テストで判明した今季型タイヤの特性とは? (2ページ目)
「今年のタイヤは去年とはかなり違う。センシティブで、グレイニングが起きやすいんだ。1、2周でタイムが落ちてしまう」(パストール・マルドナド/ウイリアムズ)
「このタイヤは基本的にすごく"弱い"。タイヤを長く保たせるという点に関しては、現時点ではドライバーとしてデグラを抑えるためにやれることがほとんどないんだ。どんなに工夫してどんなライン取りをしようとも、タイヤを酷使してしまう」(セルジオ・ペレス/マクラーレン)
バルセロナでは4日間とも気温が低く、タイヤが本来の性能を発揮できるコンディションではなかったという要素もある。ピレリのレーシングマネージャーであるマリオ・イゾラは、シーズンが始まり暖かくなればこの性能低下の速度はゆるやかになると見ている。

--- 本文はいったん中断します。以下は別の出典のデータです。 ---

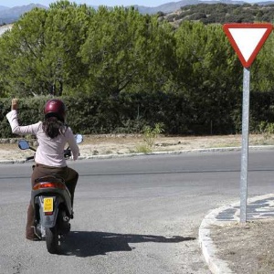 En esta intersección, la conductora del ciclomotor indica con el brazo que quiere…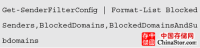 繼續執行如下的命令參數,查看目前所設定的三種寄件者的封鎖清單: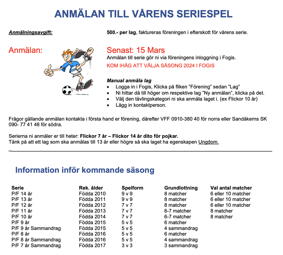 Skickar en påminnelse att 15 mars är sista datum för att anmäla lag till seriespel. Ledarsidan 28 feb 2024 0kommentarer
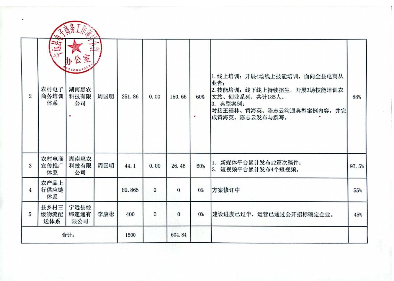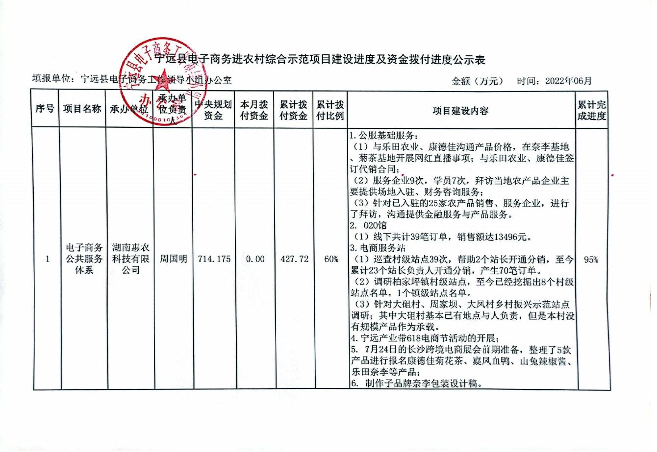 宁远县电子商务进农村综合示范项目建设进度及资金拨付进度公示表2022年6月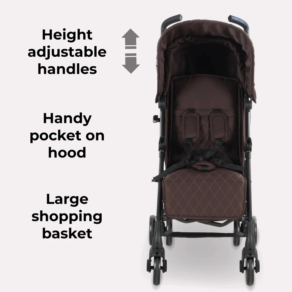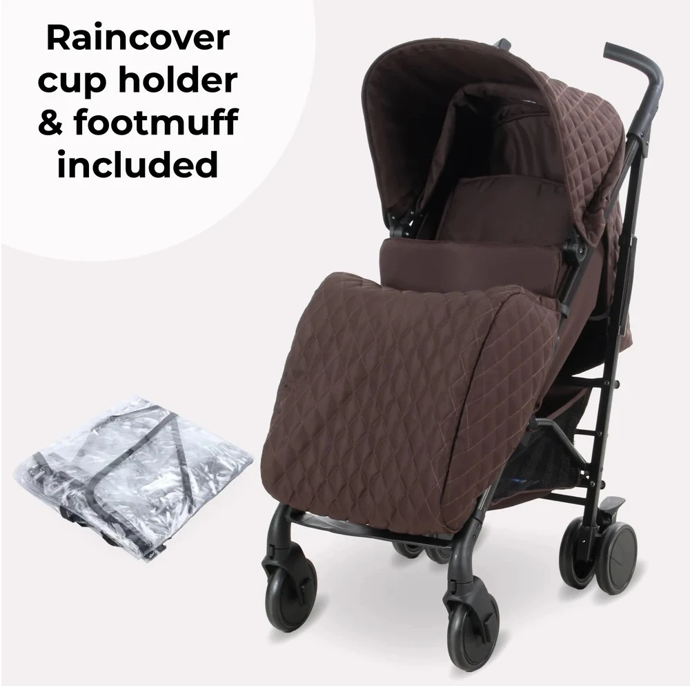 This stylish My Babiie Plus Stroller Quilted Chocolate combines the style and function you expect from a super talented mum. This lightweight stroller comes with a free cosy footmuff, cup holder and rain cover
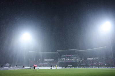 बारिश के कारण तीन ओवर की कटौती की गई है। अब साउथ अफ्रीका को 17 ओवर में डकवर्थ लुईस नियम के तहत 123 का लक्ष्य मिला है।
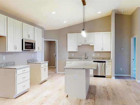 This 3 Bedroom Ranch Style Home has a 3 Car Garage, 30 yr. Architectural Shingles & an 18' x 14' Patio to entertain. It has Vaulted Ceilings in the Great room, Kitchen & Breakfast area, Laminate flooring, 42" Upgrade Soft Close Kitchen Cabinets, Granite Kitchen Countertops, Kitchen Island w/ Overhang, a Walk in Pantry, Can Lighting & Stainless Appliances. The Master Bath has a 5' shower w/ Semi Frameless Shower Door & Double Bowl, Adult Height, Soft Close Vanities. Other Features Include Custom Paint, Egress Window, Rough-In for Future bath in LL, Carriage Style Insulated Garage Doors w/ Opener & Keypad, 2 Panel Doors w/Satin Nickel Hardware & a Fully Sodded & Landscaped Yard.

「今回のデグラデーションは低温とグレイニングによるものだから、さほど気にする必要はないだろう。初年度もそうだったが、レース本番ではライフ(タイヤの寿命)が20%も伸びたんだ。寒いコンディションで行なうテストでのデグラデーションはあてにならないんだ」
たしかに、楽観的な見方をしているレッドブルのようなチームも少なくない。セバスチャン・ベッテルは「ものすごく速いペースでラップタイムが落ちていく。でも、今はタイヤにとって寒すぎるコンディションだから、タイヤがきちんと機能していないんだ。単純にそれだけのことだよ」と語る。
だが、異なる見方もある。
寒さの影響も多少はあるが、基本的にはこのグレイニングとデグラデーションは今季型ピレリタイヤの生来的な特徴なのではないかという見方をしているチームもある。暖かくなれば多少は改善されるだろうが、この傾向は変わらないと推測している。
「これが今季型タイヤのナチュラルな素性だと思う。問題は寒さじゃないよ。シーズンが始まれば多少はマシになるかもしれないけど、4、5回ピットストップするレースもあるはずだ」(ピエール・ヴァッシェ/ザウバー)
「今回のデグラデーションは摩耗とグレイニングによるもので、温度によるものではなく、タイヤそのものの特性なのではないかと考えています。ヘレスでは路面の粗さという要素があったのでタイヤ本来の素性が隠れていましたが、バルセロナに来てタイヤ本来の難しさが見えた形です」(松崎淳エンジニア/フォースインディア)
松崎エンジニアによれば、セットアップ熟成とマシン開発によってどれだけタイヤをいたわることができるかがカギになってくるという。バルセロナで得たデータを分析し、チーム側がどれだけ対策を練ることができるかが勝負になるのだ。
また、ラップタイムは燃料搭載量によって大きく変わるため、テストで本当の速さを比較するためには、ベストタイムではなくレースシミュレーション中のタイムを見るべきだ。それならば、レース本番とほぼ同じ燃料搭載量で走っているからだ。
バルセロナの2日目、3日目にはレッドブルやロータス、ウイリアムズの数人のドライバーがレースシミュレーションを行なったが、フェラーリやマクラーレンは行なわなかった。まだマシン側の調整が十分でないとの判断だ。
つまり、現時点で全車がイコールコンディションで走っておらず、まだ正確な戦力比較は難しい。